Wednesday, July 2, 2014

IWSG post



My first post after who knows how long with the IWSG! Glad to be back.

What am I insecure about? Where do I start. . .

I think I struggle most with why am I wasting my time. I could say that regardless of if I ever get published, or let's be honest, even land an agent, I write just for me. But the truth is, I do want to be successful as a writer. I had no idea when I started a few years ago that it would be so difficult.

My husband is supportive, but I have children, a job, a home to maintain. How do I justify spending hours writing, reading, or critiquing when there is no guaranteed payoff. I really don't want fame, or even fortune (although I wouldn't mind a little money). I guess I just want validation. The right to say I'm a writer.

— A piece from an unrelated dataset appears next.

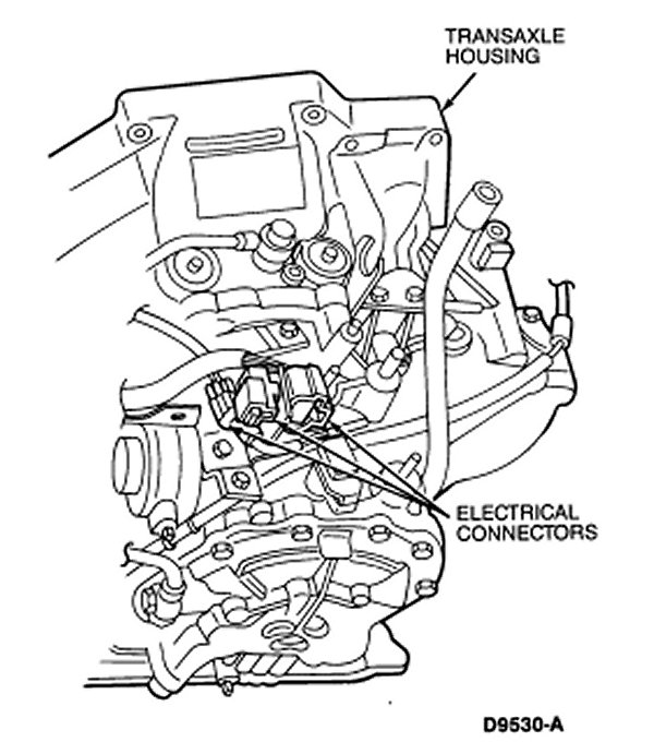 4. Connect the electrical connectors located on the top and on the side of the transaxle.

I've sent off a few short stories. Rejection. I've entered a few writing contests in the blogosphere. Not even an honorable mention. I've had a few writers critique my work. Nicely worded but god-awful. I've tried giving up, but here I am again because I have a story I have to tell.

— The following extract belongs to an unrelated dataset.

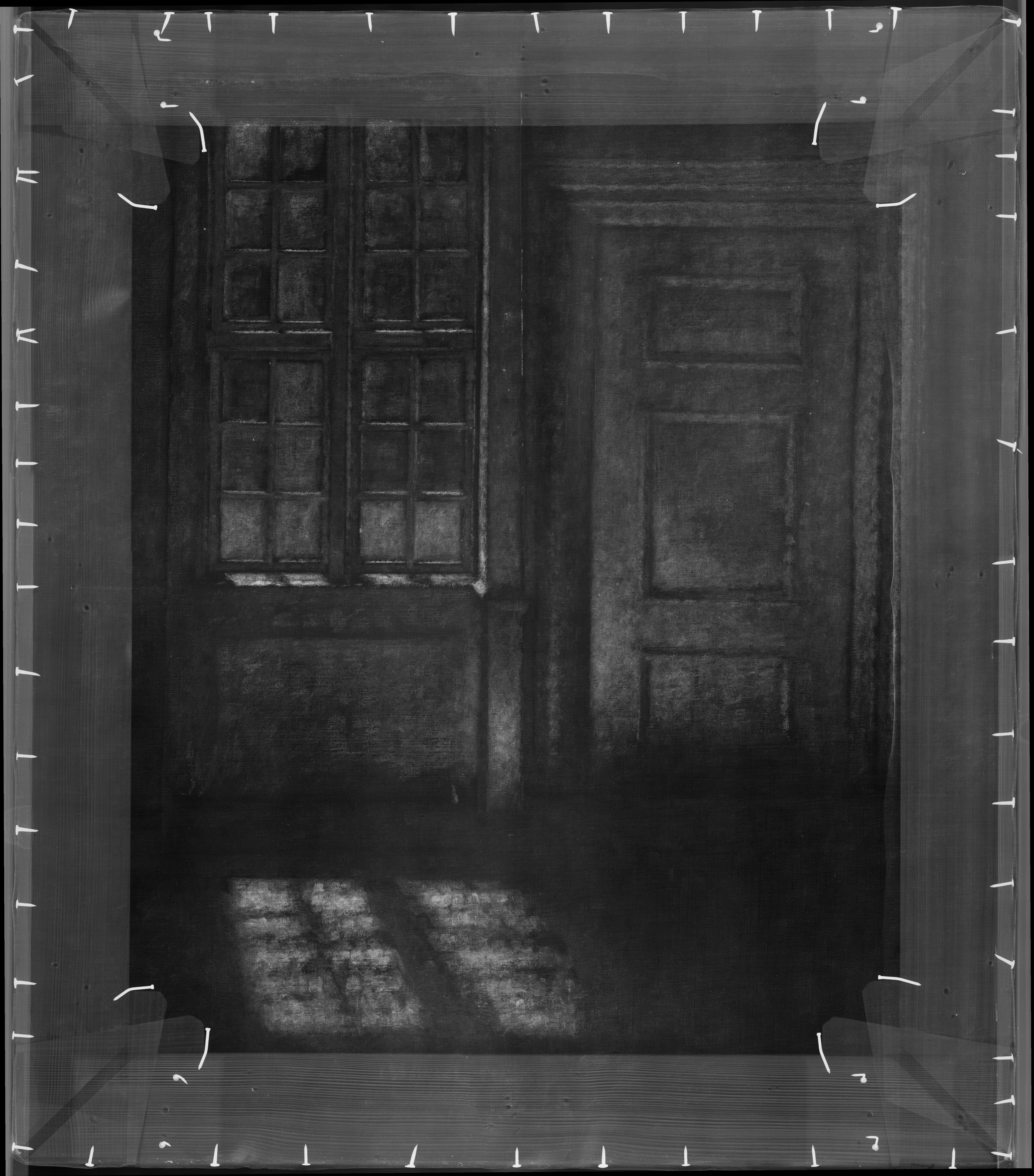 The canvas was stretched at a slight angle with the result that the composition is tilted a little towards the right. This, as well as the secondary cusping being slightly perceptible in the outline of the right-hand door frame, suggests that the stretching was perhaps not carried out by Hammershøi himself. The tacking edges, folded over the stretcher to the reverse of the painting, are partly covered with thin paper.

Don't worry. I'm not depressed. I have an amazing life in every other aspect, but I just want to write too! I see others get agents, get published, win awards, and while I'm happy for them- I wish it could be me.

Sigh.

Well, I'm off to visit some others. Have a great month! See you then :)

Monday, June 30, 2014

Monday post


Drifting in and out of the writing world as I do, everyone else seems to be incredibly productive. And then there's me. I make all kinds of goals, and then I follow that up with all kinds of excuses. Part of the problem is I'm addicted to time wasters like surfing the internet or watching mindless TV. I sit down to rest and instead of having quiet time, I turn on the TV or grab my computer and before I know it, the evening is gone. ARGH! Why do I do that?

My latest writing goal was to write a page a day. That was a couple of weeks ago and I have 3 pages.

How does anyone stay focused?

Then it's also summer break and the kids are home. Is it wrong to count the days for them to go back to school? I love them and all- just maybe not 24/7!!
(As I'm writing this my 7 year old is sharing a cat book with me- on my bed, in my room, at 9:57 p.m.)

Me, "I think it's time for you to go to bed."

Her, "Never!"

That's what's happening here in the sunshine state- how 'bout you?

Tuesday, June 10, 2014

I'm back!



I tried to stay away, but I couldn't. The story I had to tell has been churning inside and yes! at long last I'm back to writing.

This last year has been a lot of changes, but I've settled into my new home and new state, and I'm ready to move forward. But really, I'm also eager to get back out there and find out what all of you are doing now. Please stop in and catch me up!

Brief summary of where I am- I've just started hitting the keyboard to put down the story that's been evolving in my head. I've pretty much ditched the entire first novel I wrote, but I kept the essence of the characters because I liked them. I moved away from my writers' group in South Carolina but after the summer I will try to find a local chapter. I'm looking forward to that because I'm near a big city again and there seems to be a lot of support.

I'm looking forward to getting back into the online writers community because even though it was at times painful, I learned so much from you!

Looking forward to reading your blogs again!